There has been a bunch of talk about Zombies lately.   Zombie Banks,  zombie computers,  and pranksters up in Carmel, IN had some fun with a construction warning sign (see above).  But what about Zombie churches?

Zombie Churches

United Methodist Pastor and writer Dan Dick just posted this on his blog: “[Zombies] are not an unfair metaphor for a number of mainline Protestant churches.  Check the list: lifeless, going through the motions, trying to get new people upon which to feed.  It is a pretty stark, but accurate description of a number of decaying churches.

Ouch.  But yeah, sometimes as a United Methodist lay leader  I feel a bit like the protagonist in 28 Day later.  

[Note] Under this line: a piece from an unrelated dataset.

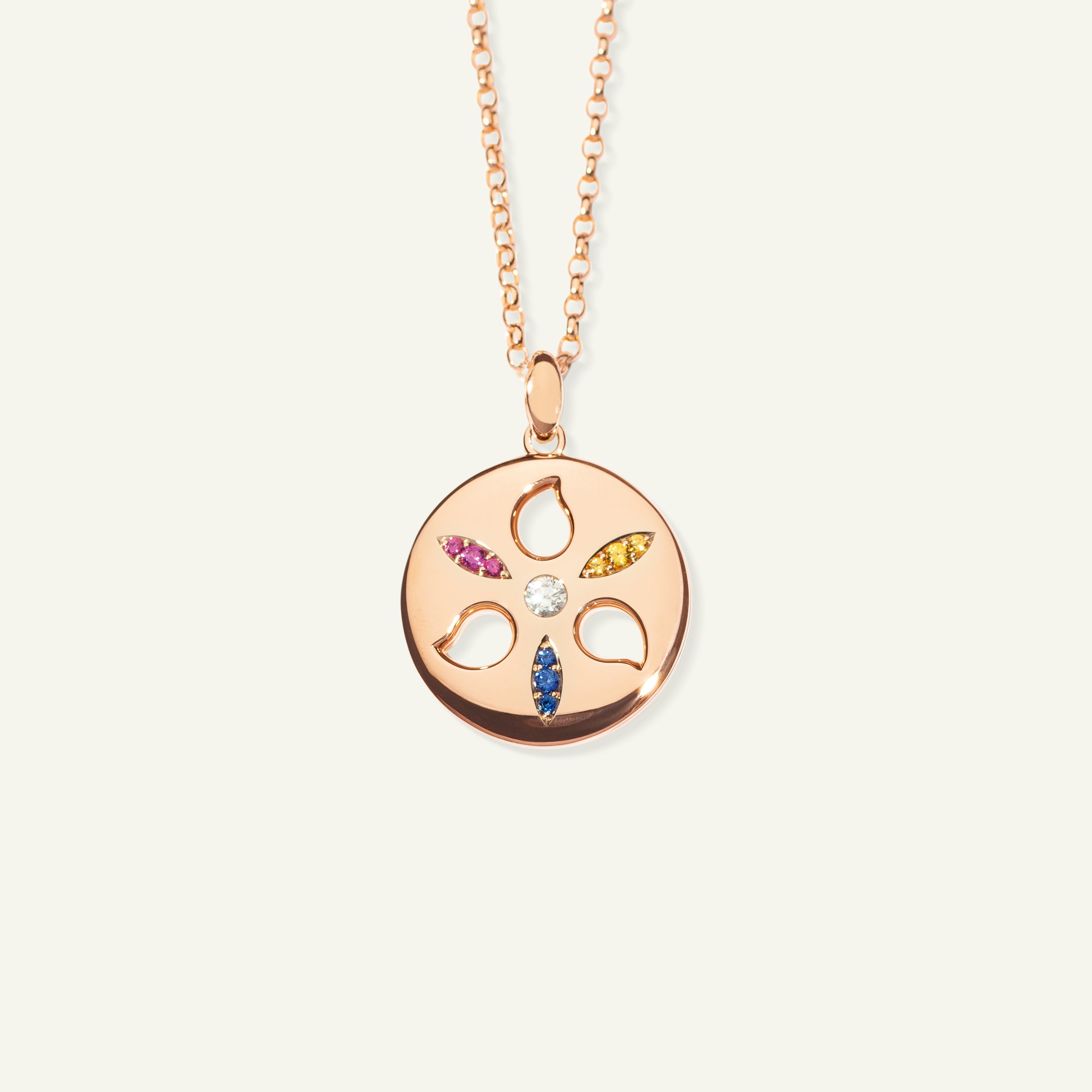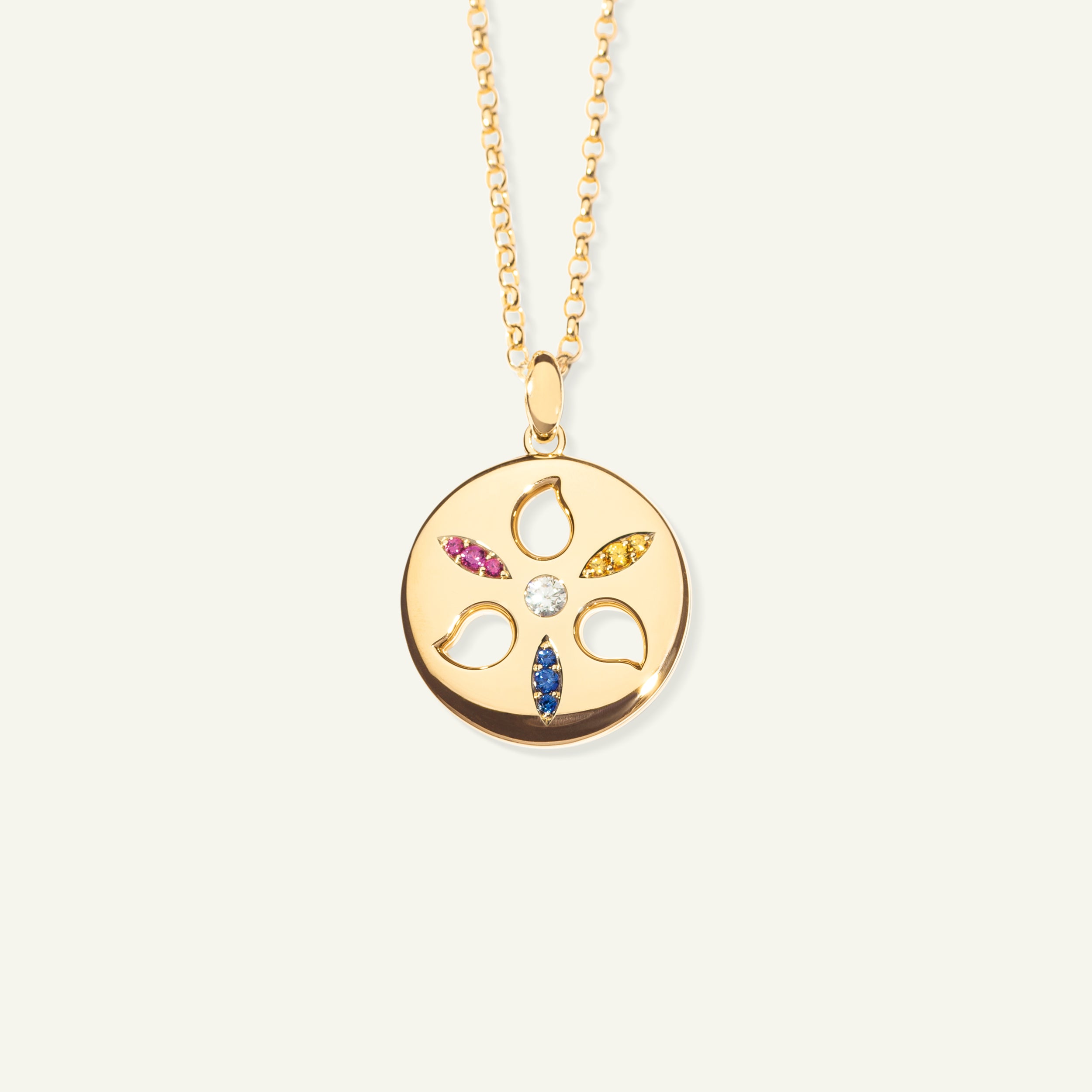 The SAND DOLLAR Large Pendant in ‘Candy’ is inspired by the beauty of the sea urchin shell, symbolizing a deep connection to the ocean. Vibrant sapphires in shades of pink, blue, and yellow surround a sparkling white diamond, all set in 18K gold. Capturing the spirit of the sea, this pendant serves as a unique symbol of casual luxury.

Pastor Dan tries to cut short his zombie metaphor though.   There is hope for all these declining churches though, he writes, if they can overcome a huge catch-22.  To transform you need to get more people (especially younger) folks but the old guard culture/nature of decaying churches is normally and sometimes militantly resistant to the radical change required to transform a dying church.

Church De-Zombie-izaiton:  A personal experience

According to the blog  1/2 of all United Methodist churches are in decline.  Many of them  with a foot in the grave.  For the past three years I have been part of a congregaton that fit this description.  And Dan Dick’s zombie metaphor is right on!  

  The church was created out of a merger between two almost dead but historic  downtown  Indianapolis congregations –Central Ave United Methodist and Lockerbie Square United Methodist.  (I’m not sure why the conference would have ever let these two once great ever get into this situation in the first place)

Anyways, the merger made sense on many levels.  The churches were about only a mile apart, both had tiny and aging congregations and both had decent, though rapidly dwindling,financial resources.  Lockerbie Square had a great young pastor who was new to town and Central Ave had a fairly progressive congregation.

Three years later the merger was can both be considered a massive failure and a great success.  There are hardly any members left at the church who were part of the original congregations.  (The few who stuck it out and have helped shape the new congregation deserve a ton of credit.) The money is all gone and the pastor quit.

The transformation was hard.  Maybe even terrible.  The old guard at the churches wanted to keep doing things the old way. The neighborhood freaked out when the church started working with the homeless and the old guard of the church started whisper campaigns and email campaigns about the new direction of the church.

The new people eventually took over the church.  They asked hard questions, refused to back down and forced the issue on many subjects and simply outworked/out manuevered the Zombies.  When the dust settled (it is probably still settling),  All of the pre-merger leaders of the two churches were gone.  Most did not even say goodbye (talk about Christian community!!) There are still plenty of hard feelings.

Now What?

Our church still has a long way to go but it is an exciting and vibrant place and full of participation.  Still, if  half of  UMCs are staring at decline, can there be transformation without this harsh conflict? 

 I am sure there are many things that could have been done differently. A few conflict resolution sessions would have been helpful.  

I have a hunch though that the nastiness of this conflict was  ineviatible. Zombies don’t go away quietly.